Delta compression stores only the differences between file versions instead of complete copies:
Traditional Storage:
v1.psd: 500 MB
v2.psd: 500 MB (full copy)
v3.psd: 500 MB (full copy)
Total: 1,500 MB
Delta Compression:
v1.psd: 500 MB (base)
v2.psd: 15 MB (delta from v1)
v3.psd: 8 MB (delta from v2)
Total: 523 MB (65% savings!)
How MediaGit Applies Delta Compression
Automatic Detection
MediaGit automatically applies delta compression based on:
- File size - Must be >10MB
- File similarity - Content similarity above threshold
- File type - Media-aware thresholds
- Savings check - Delta must be <90% of full size
Similarity Thresholds by File Type
| File Type | Threshold | Behavior |
|---|---|---|
| AI/PDF/InDesign | 0.15 | Very aggressive (compressed streams, structural similarity) |
| DOCX/XLSX/PPTX (Office) | 0.20 | Aggressive (ZIP containers, shared structure) |
| MP4/MOV (Video) | 0.50 | Moderate (metadata/timeline changes) |
| WAV/AIF (Audio) | 0.65 | Medium (clip edits) |
| PSD/JPG/PNG (Images) | 0.70 | Moderate (perceptual similarity) |
| FBX/OBJ/BLEND (3D Models) | 0.70 | Moderate (geometry changes) |
| TXT/Code | 0.85 | Conservative (small changes matter) |
| JSON/YAML/TOML (Config) | 0.95 | Very conservative (exact matches preferred) |
| Default | 0.30 | Global minimum (MIN_SIMILARITY_THRESHOLD) |
Lower threshold = more files use delta compression Higher threshold = only very similar files use delta
Checking Delta Status
Show Delta Information
# Show file storage info
$ mediagit show --stat large-file.psd
Object: 5891b5b522d5df086d...
Type: blob (delta)
Size: 15.3 MB (delta)
Base: a3c5d7e2f1b8c9a4d... (500 MB)
Compression ratio: 96.9%
Delta chain depth: 3
List Objects with Delta Info
$ mediagit stats --verbose
Object database statistics:
Total objects: 8,875
Loose objects: 247
Packed objects: 8,628
Delta statistics:
Objects with deltas: 2,847 (32%)
Average chain depth: 4.2
Max chain depth: 12
Total delta savings: 3.2 GB (78%)
Configuring Delta Compression
Global Configuration
Edit .mediagit/config:
[compression.delta]
# Enable automatic delta compression
enabled = true
# Minimum file size for delta consideration
min_size = "10MB"
# Minimum savings required (10% = 0.1)
min_savings = 0.1
# Maximum delta chain depth before creating new base
max_depth = 10
# Per-file-type similarity thresholds
[compression.delta.thresholds]
psd = 0.70 # Images (perceptual similarity)
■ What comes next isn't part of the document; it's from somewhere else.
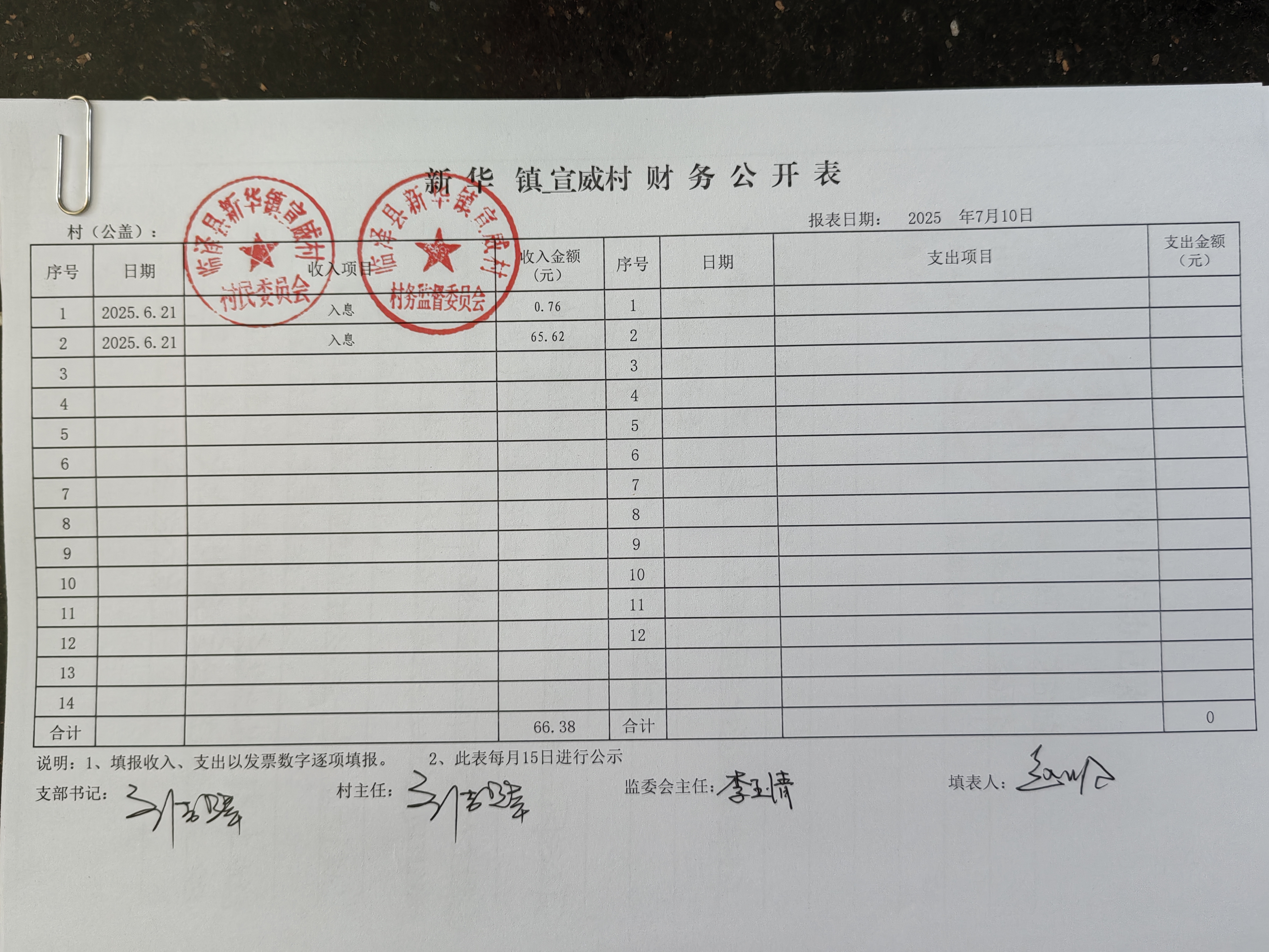新华镇宣威村2025年6月份财务公开
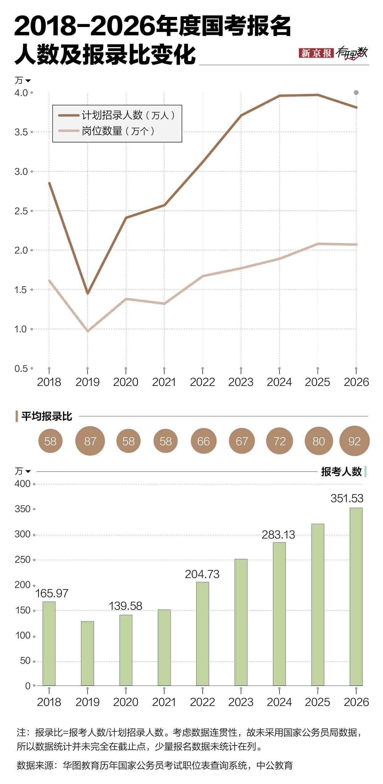 今年国考共推出20714个招录职位,计划招录38119人,同比2025年招录人数减少4%。虽然机会变少,但在国内,公务员的薪酬待遇、社会地位和长期发展空间,依然使其成为极具吸引力的选择。这直接导致今年的报录比比往年都高,竞争异常激烈。

psb = 0.70 # Large Photoshop documents
blend = 0.70 # Blender projects
fbx = 0.70 # FBX 3D models
obj = 0.70 # OBJ 3D models
wav = 0.65 # WAV audio
aif = 0.65 # AIF audio
mp4 = 0.50 # MP4 video
mov = 0.50 # QuickTime video
ai = 0.15 # Creative/PDF containers
pdf = 0.15 # PDF containers
default = 0.30 # Global minimum
Adjust Aggressiveness
# More aggressive (delta more files)
$ mediagit config set compression.delta.thresholds.default 0.65
# More conservative (fewer deltas, safer)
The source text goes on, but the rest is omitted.